[Opening Material provided section]
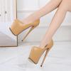 Pantofi cu toc înalt Fashion Fetish Extremi Platformă 19cm Dungi Satinate Sexy Femei Bărbați Dans la bară Pantofi de poză Mărime Mare 50 Aur Toc subțire de fier
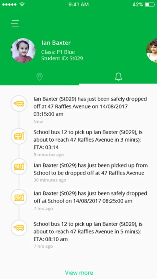 - Parents to have a sub-user account with live tracking of school bus that tells the progress of their kid’s journey along with the estimated time of arrival at their stops.
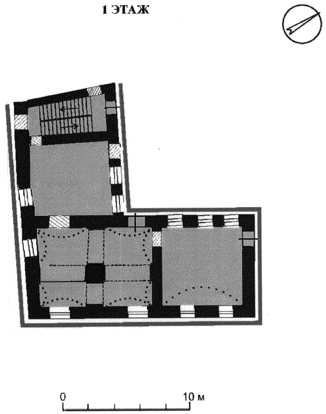 - пространственно-планировочная структура интерьера здания в пределах кирпичных капитальных стен, плоских и сводчатых перекрытий
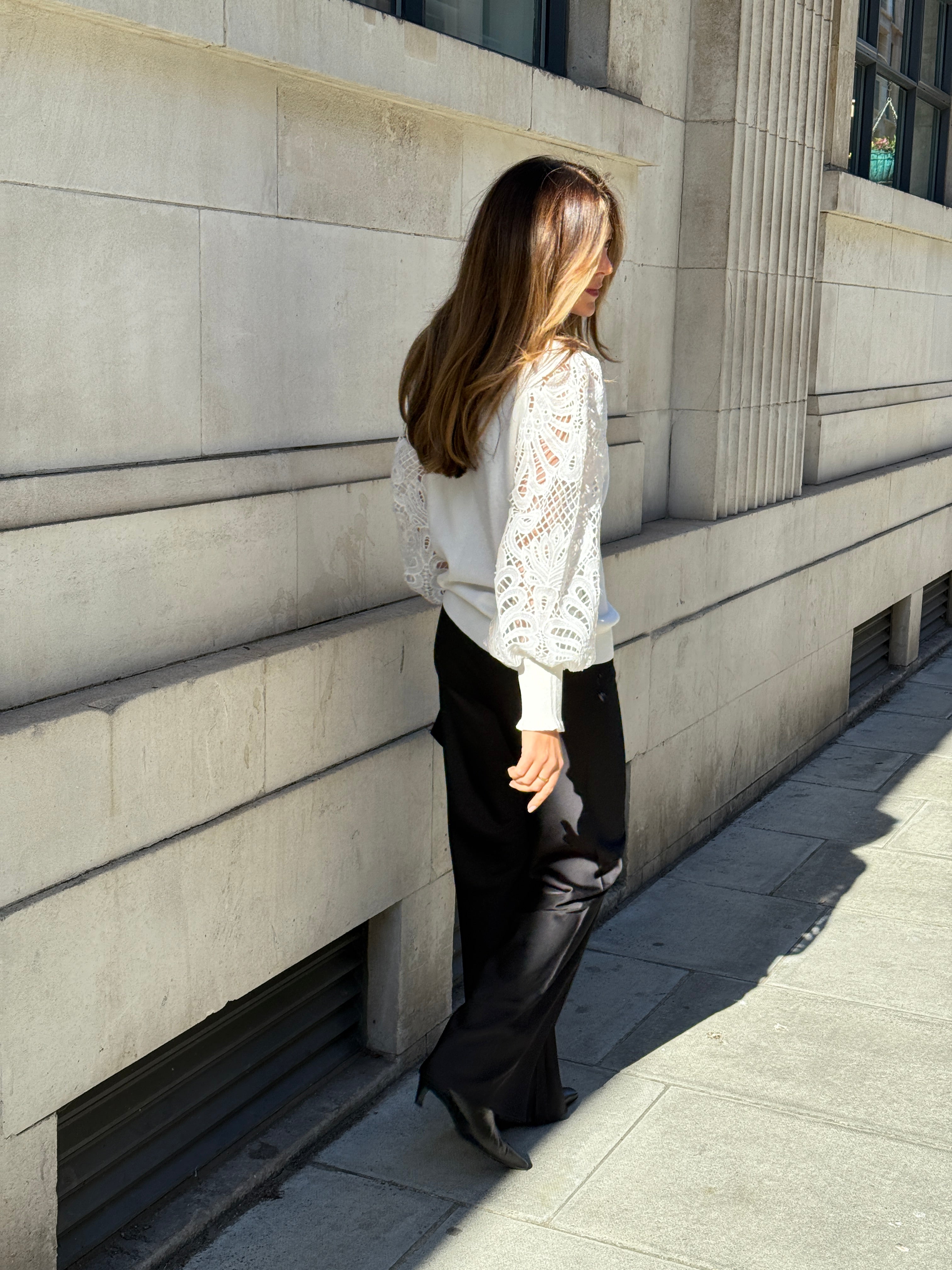 The Lorimer Jumper combines timeless elegance with subtle detailing. Crafted as an essential wardrobe staple, its refined silhouette is elevated by delicately embroidered sleeves, offering a sophisticated touch to everyday comfort. Perfect for layering or wearing solo, this jumper effortlessly blends classic style with understated charm.
[Closing Material provided section]
About this exercise:
Print the full listing again exactly, and drop every image from it.

Exercise solution:
 Pantofi cu toc înalt Fashion Fetish Extremi Platformă 19cm Dungi Satinate Sexy Femei Bărbați Dans la bară Pantofi de poză Mărime Mare 50 Aur Toc subțire de fier
 - Parents to have a sub-user account with live tracking of school bus that tells the progress of their kid’s journey along with the estimated time of arrival at their stops.
 - пространственно-планировочная структура интерьера здания в пределах кирпичных капитальных стен, плоских и сводчатых перекрытий
 The Lorimer Jumper combines timeless elegance with subtle detailing. Crafted as an essential wardrobe staple, its refined silhouette is elevated by delicately embroidered sleeves, offering a sophisticated touch to everyday comfort. Perfect for layering or wearing solo, this jumper effortlessly blends classic style with understated charm.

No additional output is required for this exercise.